Required Conditions:

The DLC can be incredibly efficient when skillfully rigged and executed – but can be problematic if rigged or operated poorly. Addressing the following three conditions will facilitate success:

1. Rig for a free hang. The DLC works efficiently when the rope runs up and over a pulley without contacting walls, edges, or other surfaces. Even a modest amount of friction can make the system difficult or impossible to operate, so care must be taken when rigging to achieve a free hanging condition. Two options for accomplishing this objective (rigging to a high point, or using a series of systems) are discussed in the Edge Problem section. If a free hang is not possible, it may be better to utilize another method other than the DLC.
2. Have enough rope. Since this is a full length counterbalance system, it requires a rope at least twice the length of the pitch. If rope length is a limiting factor, a standard haul, or a standard counterbalance with the counterweight positioned at the top, may be more appropriate.
3. The rescuer should possess and employ excellent single rope technique skills. In this system, the rescuer serves simultaneously as the haul team and patient attendant. The rescuer must be competent on rope and must have an efficient climbing system. The rescuer must be able to climb rope efficiently, change over from climb to rappel, and from rappel to climb. Additionally, it is useful for the rescuer to know how to change ropes while hanging, to cross knots both while ascending and rappelling. All these skills are more easily accomplished if the climber is using mechanical ascenders for on-rope maneuvers.

Rigging:

To rig the DLC, start by selecting an anchor suitable for a two-person load – it will need to support both the patient and the rescuer, plus the rope and other rigging, with a sufficient safety margin. Suspend a pulley from the anchor so that it and the counterbalance rope hang free. Run the counterbalance rope through the pulley and position it so that both ends of the rope are at the base of the pitch (where the patient is assumed to be located). Attach the patient to one end of the counterbalance rope and have the rescuer attach their climbing system to the other side of the rope. Then use a tether (cows tail, webbing, strap, tail of the rope, etc.) to connect the patient’s harness rigging point to that of the rescuer. The choice of tether length is up to the rescuer: a short tether keeps the rescuer and patient close for ease of monitoring and positioning during the ascent and while negotiating edges, while a long tether can make climbing easier by physically separating the climber and rescuer. Tether length may be modified during the rescue if needed, provided the rescuer ensures at least one tether is positively connected from the rescuer to the patient at all times. To raise the patient, the rescuer climbs their side of the counterbalance rope, causing the rescuer and the patient to rise as a unit. As the rescuer climbs the loop gets smaller, thus the name the Diminishing Loop Counterbalance. See Figure 2 for a picture of the system rigging (minus a patient tether), and Figure 1a for a simple schematic of the rigging.

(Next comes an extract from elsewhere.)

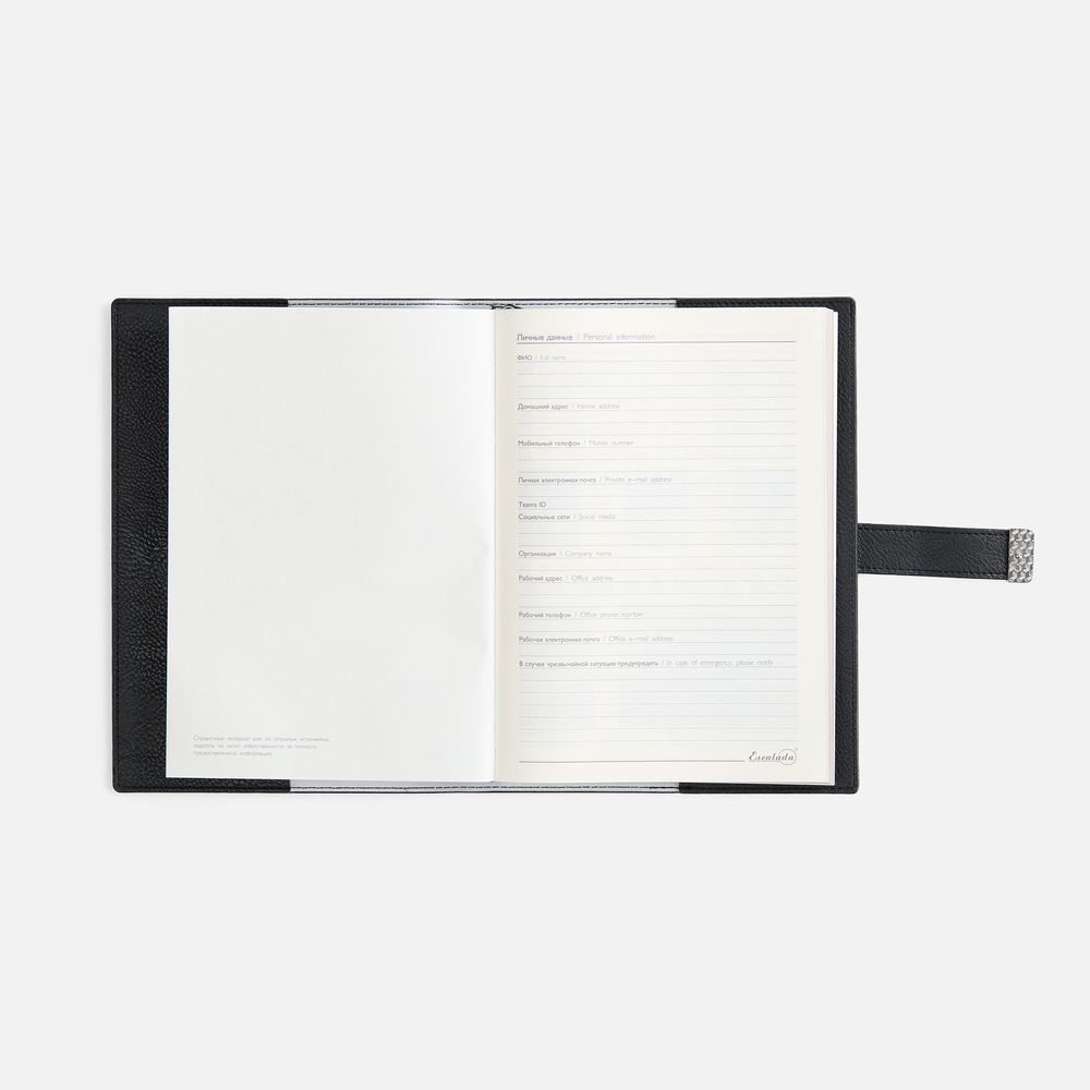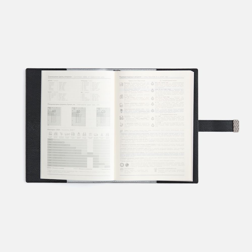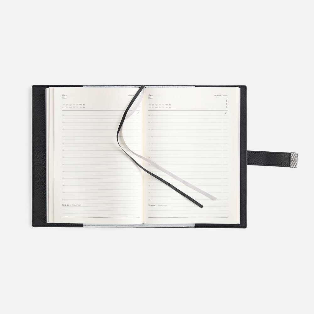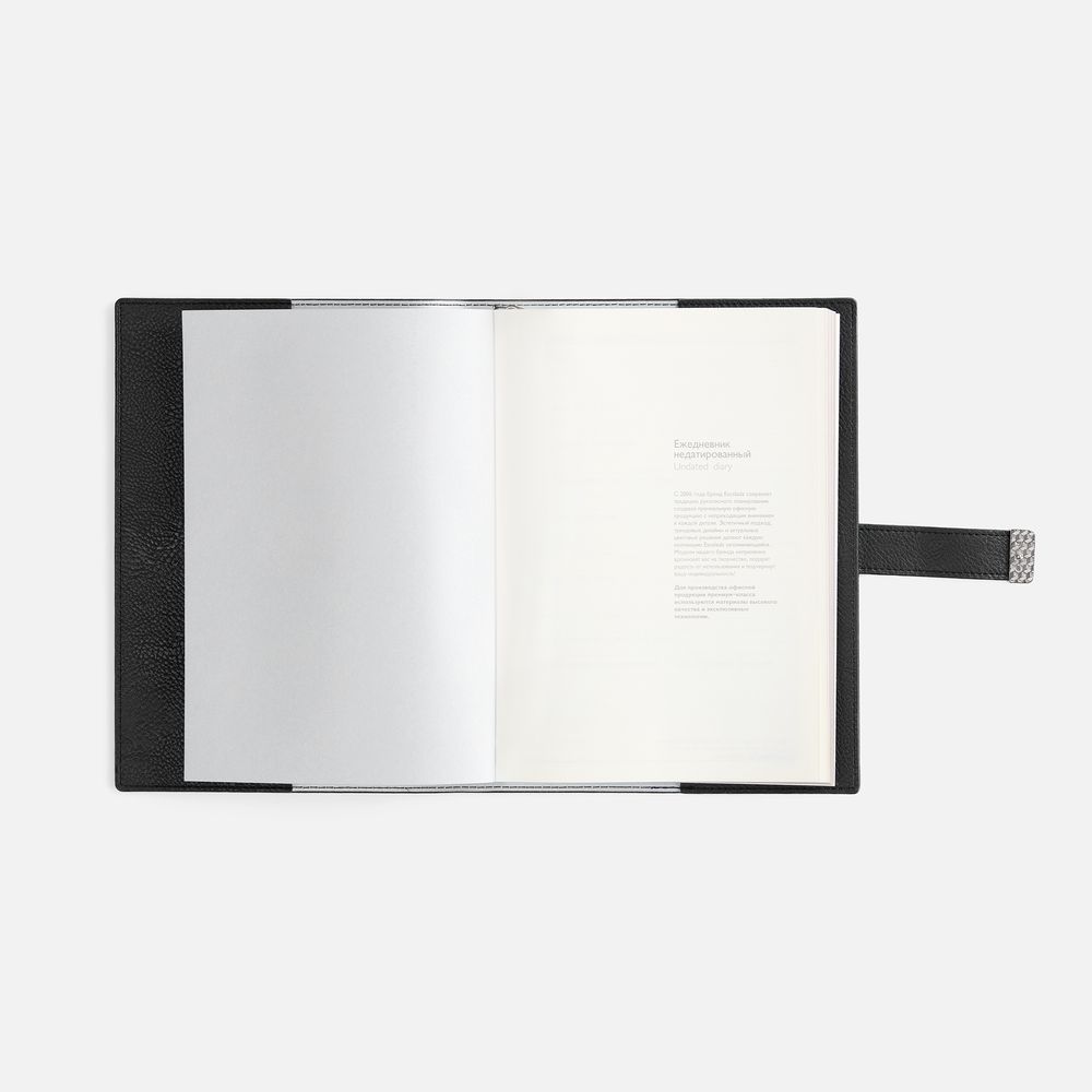 Ежедневник в мягком переплете со съёмная обложкой, дополнен застёжкой-хлястиком  с металлическим шильдом на кнопке, двойным ляссе и капталом.

Progress capture can be integrated into the system by employing a prusik minding pulley (PMP) at the apex of the system and placing a prusik on the rope on the patient side of the PMP (see Figure 1b). Note that by including progress capture the rescuer’s ability to easily lower the patient is lost, thus reducing the flexibility of the system. If needed, an integrated prusik can be monitored by another rescuer at the edge. Omitting the progress capture allows patient movement up and down easily using one hand to pull the patient to the elevation desired. This facilitates passing obstacles (vegetation, boulders, etc.), and can prevent hanging up the system during the ascent. In addition, if no prusik is used the entire system can be converted from raise to lower with ease. Consequently, it is not necessary, and often detrimental, to install a progress capture device. The decision to include internal progress capture should be made with consideration of the constraints of the environment, equipment, personnel, and the situation.

This system has some distinct advantages in that the climber can always escape the load. They simply change over from climb to rappel. This may seem difficult, but in practice the rescuer only feels a maximum of their mass plus half the difference in the mass of the rescuer and patient (this is explained in detail in the Mechanical Advantage section). Since little or no extra weight is felt, it is easy for the rescuer to perform changeovers at any time. In addition, because of the counterbalance between patient and rescuer, the patient can be moved with little force (one handed), making it easy to move up or down to the patient to assess or maneuver them during the climb. Lastly, the patient can help in their own rescue (when capable) by pulling down on the end of the rope the rescuer is climbing. With the assistance of the patient, the load (patient and rescuer) rapidly moves upward since climbing becomes fast and easy!

If two ropes are tied together to achieve the entire pitch length, place the knot on the climber’s side of the counterbalance. Rigged this way, the knot does not pass through the pulley during the raise. On the ascent the climber can simply cross the knot and continue the climb.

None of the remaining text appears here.